Sunday, April 17, 2011

19 and counting...

I think that my 19th year on this earth was my favorite. I actually cried and cried when I turned 20 because I was no longer a teenager. I lived in Phoenix at the time, was the prestigious "Assitant Manager" at Baskin Robbins, was travelling around with a rock band...I won't divulge the name...and just having a good ole time.
When I look back on those times, I realize there was something missing. I think that I knew there was something missing at the time but was quite uncertain of exactly what that was. I know now that it was the presence of God in my life.
I made a few real friends, of which I still have a couple. I also made a lot of enemies.
That is probably my biggest regret from those days.
Why did I make enemies? Because I was selfish with a capitol 'S'.
I want what I want and ASAP, forget the niceties of "please & thank you". If I didn't get what I wanted, I found a way to manipulate the situation so that I could. I stepped on toes and hearts...plenty of them...along the way.

Now that I do have God in my life, I ask myself if I am still just as selfish as I was back then. Am I still stepping on people's toes? On their hearts? Do I manipulate situations in order to get what I want? I have had people tell me that I have a big heart. I wonder if they really see what's inside of me or if they are just "pumping sunshine" as I like to call it.

I am a no nonsense kind of person. I don't like being lied to, and I don't lie to others because that is the way I expect to be dealt with--honestly. If it must be brutal, bring it on, just say it like it is. When someone tells me what they think I want to hear just to fudge on the truth, tell a "white lie", omit details, etc....to me, that is blatant dishonesty. The reason I feel so strongly about this is that my Dad pounded it into my head, AND I learned at an early age how to do just that to other people in order to get my way. I was a pro at it. Not something I like to admit, but true none the less. I have not practiced these tactics for years, however, and that is something I am proud to say.

What does any of this have to do with current events? Let's just say that I am aware of a situation where I believe these very tactics are being used, and I am on the receiving end of it. I question whether or not I have been duped. I wonder through most of every waking moment if I am being punished for my past. I AM a Christian. I KNOW that Christ died for me, so my sins could be forgiven. He wiped my slate clean. Does that mean that on this earth, I won't have to pay for my past. I believe it does...so why is this happening? Is this a test of faith for me? Is this what I needed to jar me back into Spiritual reality? I have become such a transparent person in my growth as a Christian, and probably an easy target. I may very well have a bullseye painted on my back and not even realize it.

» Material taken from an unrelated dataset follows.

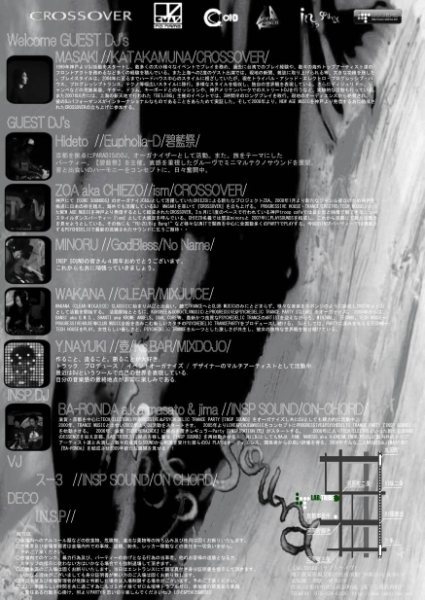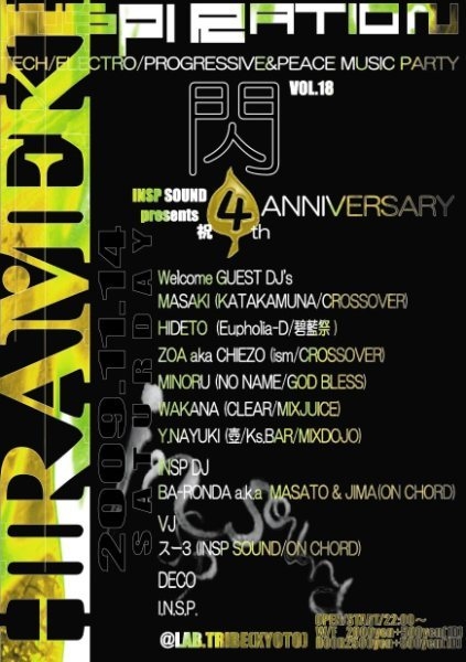 管理人様告知失礼します。 TECH/ELECTRO/PROGRESSIVE&PEACE MUSIC PARTY INSP SOUND presents 祝4th ANNIVERSARY 『INSPIRATION 閃 Vol.18』 2009.11.14 (sat) @LAB.TRIBE(KYOTO) OPEN/START 22:00〜 W/F:2000yen+500yen(1D) DOOR:2500yen+500yen(1D) ーGUEST DJ'sー □MASAKI (KATAKAMUNA/CROSSOVER) □HIDETO (Eupholia-D/碧藍祭 ) □ZOA aka CHIEZO (CROSSOVER/ism) □MINORU (NO NAME/GODBLESS/PARADIS) □WAKANA (CLEAR/MIXJUICE) □Y.NAYUKI (壺/Ks.BAR/MIXDOJO) ―INSP DJ― □BA-RONDA a.k.a MASATO & JIMA (INSP SOUND/ON CHORD)

"So, you bright, intelligent woman, why are you telling the world all of this via internet?"
It stops now. Today.

I can be strong enough to allow God to guide me through the next chapter in my life, and I will. I am determined. Have I stated this already? Yes, I have and I mean it.
Today is the beginning of the week and the first day of the rest of my life.
I'm done with the past. ALL of it. I am starting fresh.
Yes, God and I have discussed it and He will be with me every step of the way. If it creates a little heartache on my end...so be it. There's been plenty of that going on anyway. So....19 days and counting?
How about Day #1 and taking it step by step?
Yes, I'm on my way.

1 comment:

  1. All I can say is frommy experience...in my life, I have found that God presents obstacles for me to overcome for a reason. I have found that when I really think about it, I realize what that reason is; and this makes it so much easier for me to deal with the problem. God bless.